Like strings of a piano, the imagery inside this rotting structure resonated the most beautiful of melodies through pure scenery, progressing through progressions from room to decaying room, broken and detuned but filling the air with the shaking sound of a beautifully harsh dissonance, blanketed by light reaching in from outside, finally creating a perfect fusion to display the brilliance of these broken rooms.
Whether you believe in an afterlife or not, this area has one hell of a story behind it, and if there were a place to house spirits of the past, this would for sure be near the top of a great list. Before a prison inhabited a place atop these grounds, in the year 1861, a training center for soldiers of the Civil War was stationed in place. Over 4,000 soldiers were trained for action here at what was known as Camp Mordecai Bartley, named in honor of a Mansfield man who served as the governor of Ohio in the 1840’s. Spirits of past prisoners now wander these cells in peace, free to move about as they please. This got me to thinking however, as there is always the notion of “what if,” I thought to myself, what if some former prisoners are forever trapped behind bars, that even if in our world when the doors remain open, in their alternate world the bars are sealed shut, holding them in for all eternity? One can take away so much from wandering a massive place with as rich a history trapped between the walls of a space such as this.
In 1995, the Mansfield Reformatory Preservation Society was formed, turning the former prison into a museum offering tours to enlighten and educate, while also working to stabilize the building from further deterioration. Windows in the East block have been replaced, and efforts have been made to further stabilize the entire structure.

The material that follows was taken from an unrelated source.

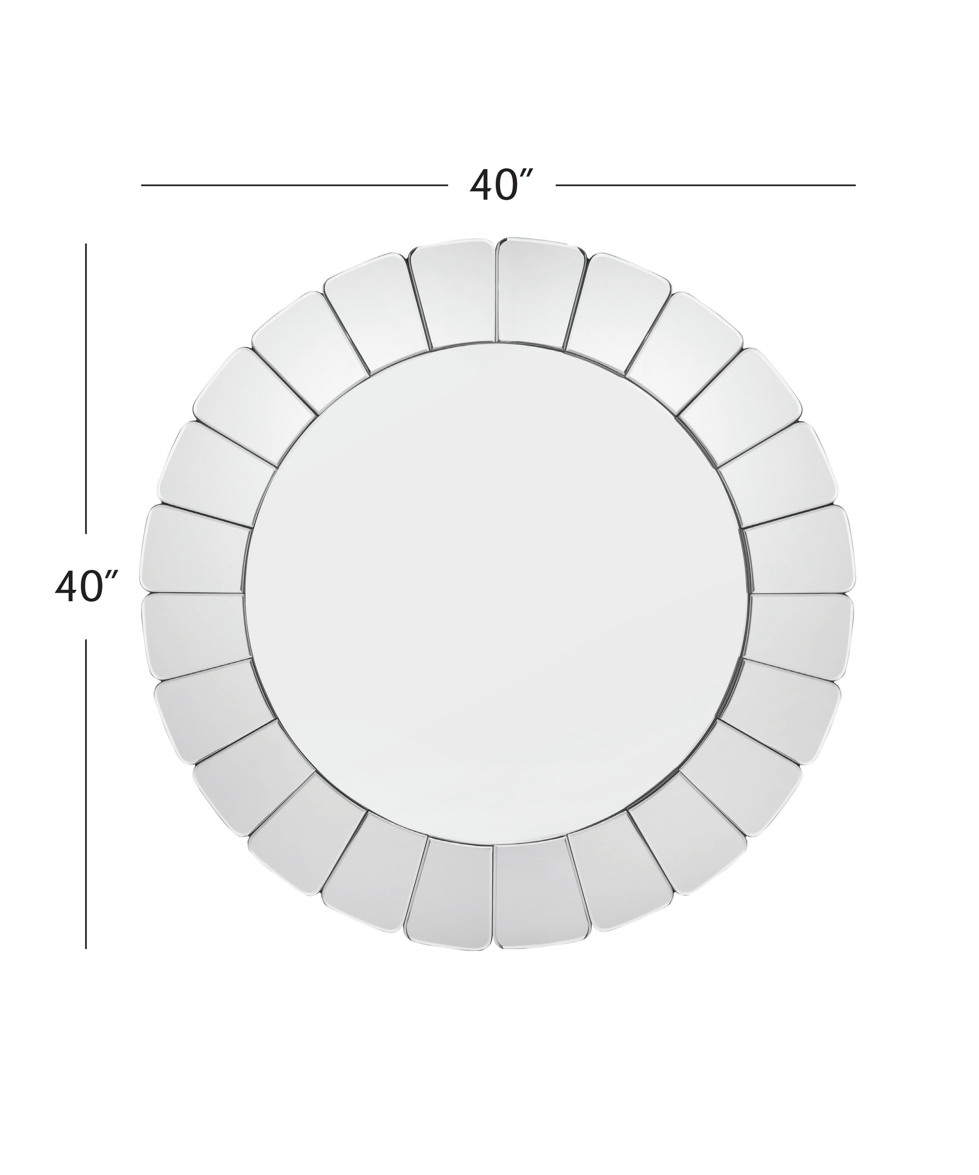 The Leona Wall Mirror presents a round traditional design infused with glamorous flair, making it a stunning focal point in any room. Its raised mirrored frame detailing adds a touch of sophistication and elegance to your space, elevating the overall ambiance. Crafted with meticulous attention to detail, this mirror exudes timeless charm and character, blending seamlessly with various decor styles.

Nearing the end of my visit, as I wandered off towards the building’s exit, I overheard a man talking of what seemed to be past experiences inside the reformatory. I slowly closed in towards the conversation to realize that sitting right in front of me was a man by the name of Dave, a former guard of the penitentiary. I quickly became quite interested in all he had to tell of his time on duty during the year of 1947. According to Dave, the Eastern cellblock at that time was used for solitary confinement, until finally being relocated to cells residing in lower levels of the building, unknown until today to any of us! It was amazing just listening to this man speak of memories experienced while on the job, structures and rooms that used to sit in the depths of the building and more. Deep within the depths of this building, during the 1940’s there had been a small room of tiny cells measuring 4 feet by 4 feet creating a square where prisoners would be forced to curl up and sleep, as it was far too small to stretch out. Just outside of this section, for a short period of time, people had actually been chained to a wall and given the floor as a toilet. Shortly after this time, of course rules and laws had changed and the prison was forced to provide different means of living for inmates.
After sitting down for a while and talking to this man, I asked if I could photograph him, and his response was a very positive ‘yes.’ Him being honored to have his photo taken by gave one of the greatest feelings experienced during the day, as I was also honored being given the chance to take his photo. Dave is one of the few remaining from that time and seeing how happy he was to have shared his stories with us was beyond words amazing. It would be an awful shame to have seen so much but told none.
So there I was, I had just spent my day surrounded by cold, rusted steel and the crumbling of lead paint, chipping and curling from the curved surface of prison cell bars, not only content with a full history lesson and some greatly interesting photos, but happy with where I was in life. I’m happy that I am not in prison.